> **Work request**
One exact copy of the listing, minus the images, is the required answer.

> **Given material**
* * * * * * *

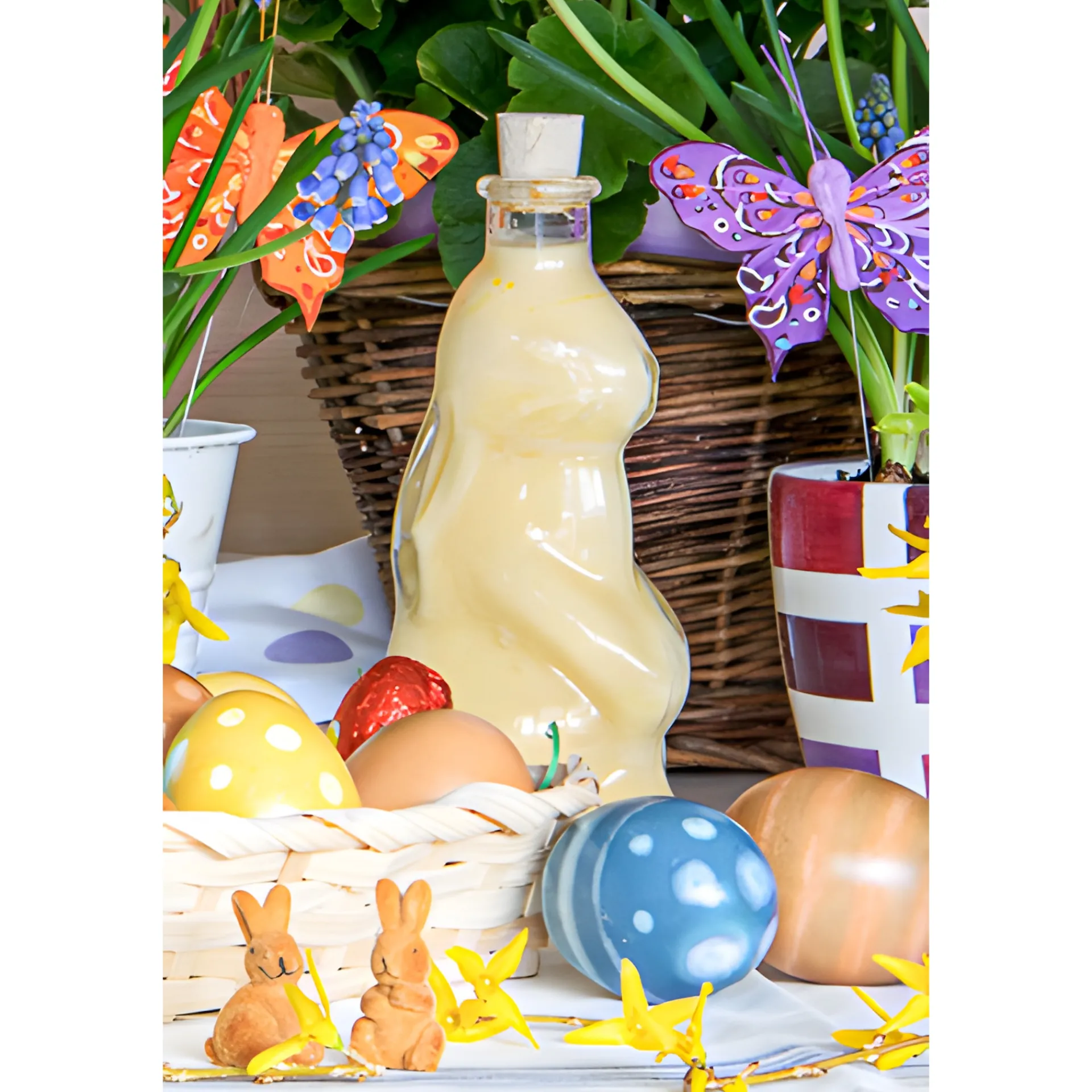 Die originelle Schmuckflasche in Hasenform sollte nicht nur zu Ostern zum Einsatz kommen, denn sie kann das ganze Jahr über Freude bereiten. Die hübsche Flasche mit Korkmündung kann klassisch mit Eierlikör befüllt werden, eignet sich aber auch sehr gut für Sirup, Likör, Spirituosen oder auch Schokoladensoße.
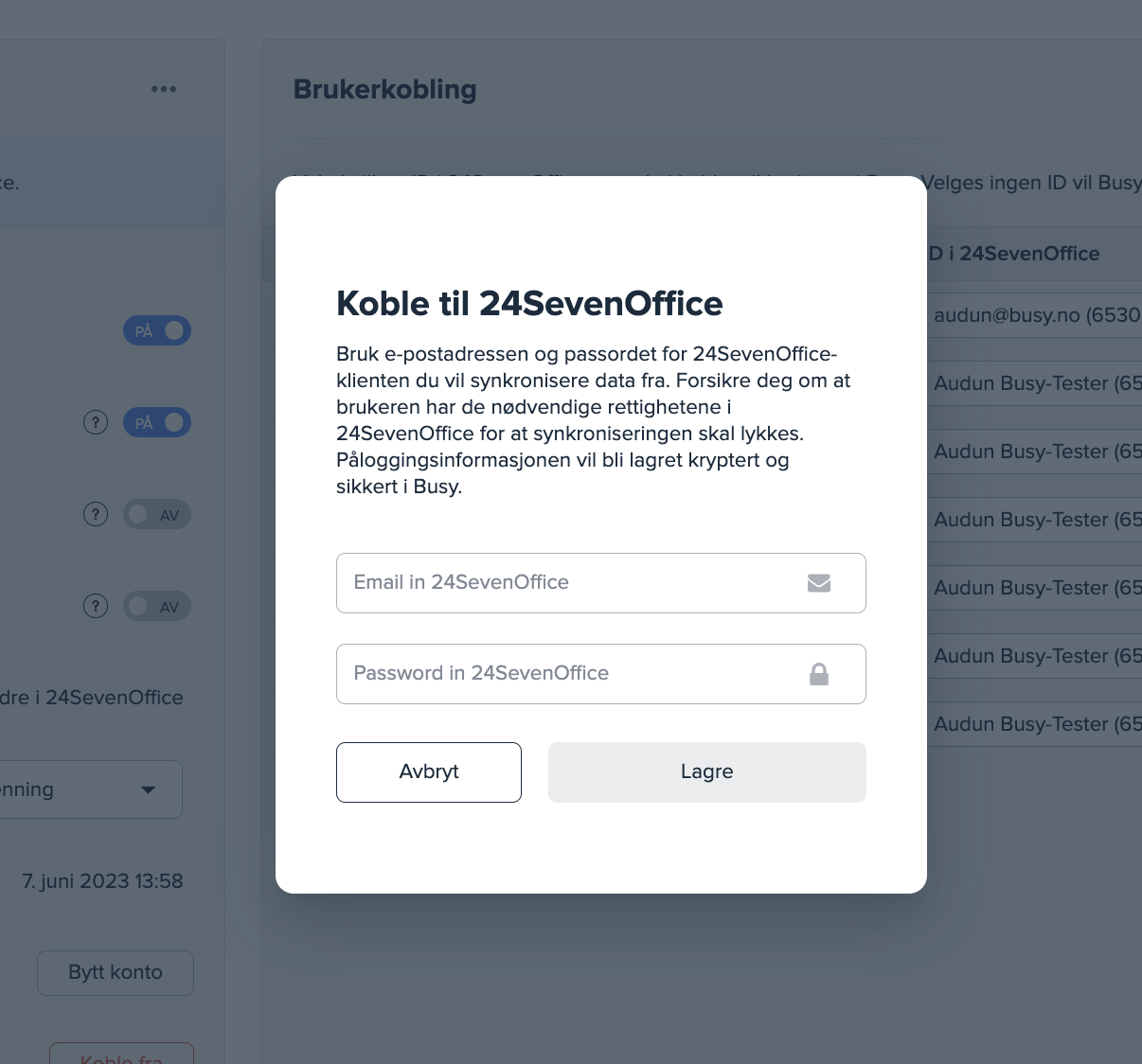 Trykk «Bytt konto» i Busy, og legg enten til en ny integrasjonsbruker eller oppdater informasjonen på den gamle.
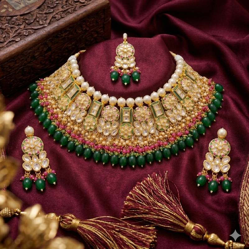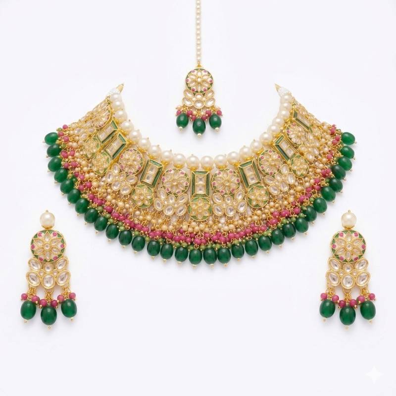 | Product Name | Exquisite Gold Plated Kundan Bridal Choker Set With Emerald Green Beads Traditional Ethnic Indian Jewelry | |
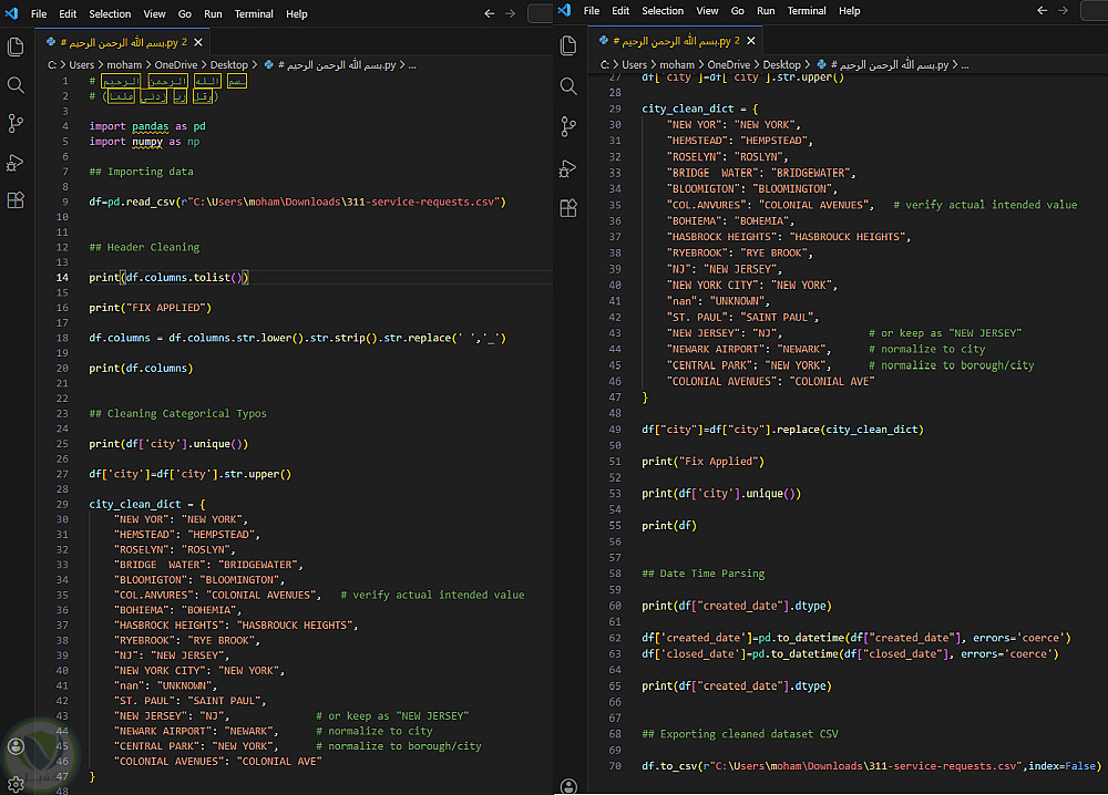 سكريبت احترافي مكتوب بلغة Python يقوم بعملية تنظيف ومعالجة البيانات بشكل أوتوماتيكي، مما يوفر عليك الوقت والجهد ويضمن لك بيانات جاهزة للتحليل أو بناء التقارير.

* * * * * * *

> **Answer box**
 Die originelle Schmuckflasche in Hasenform sollte nicht nur zu Ostern zum Einsatz kommen, denn sie kann das ganze Jahr über Freude bereiten. Die hübsche Flasche mit Korkmündung kann klassisch mit Eierlikör befüllt werden, eignet sich aber auch sehr gut für Sirup, Likör, Spirituosen oder auch Schokoladensoße.
 Trykk «Bytt konto» i Busy, og legg enten til en ny integrasjonsbruker eller oppdater informasjonen på den gamle.
 | Product Name | Exquisite Gold Plated Kundan Bridal Choker Set With Emerald Green Beads Traditional Ethnic Indian Jewelry | |
 سكريبت احترافي مكتوب بلغة Python يقوم بعملية تنظيف ومعالجة البيانات بشكل أوتوماتيكي، مما يوفر عليك الوقت والجهد ويضمن لك بيانات جاهزة للتحليل أو بناء التقارير.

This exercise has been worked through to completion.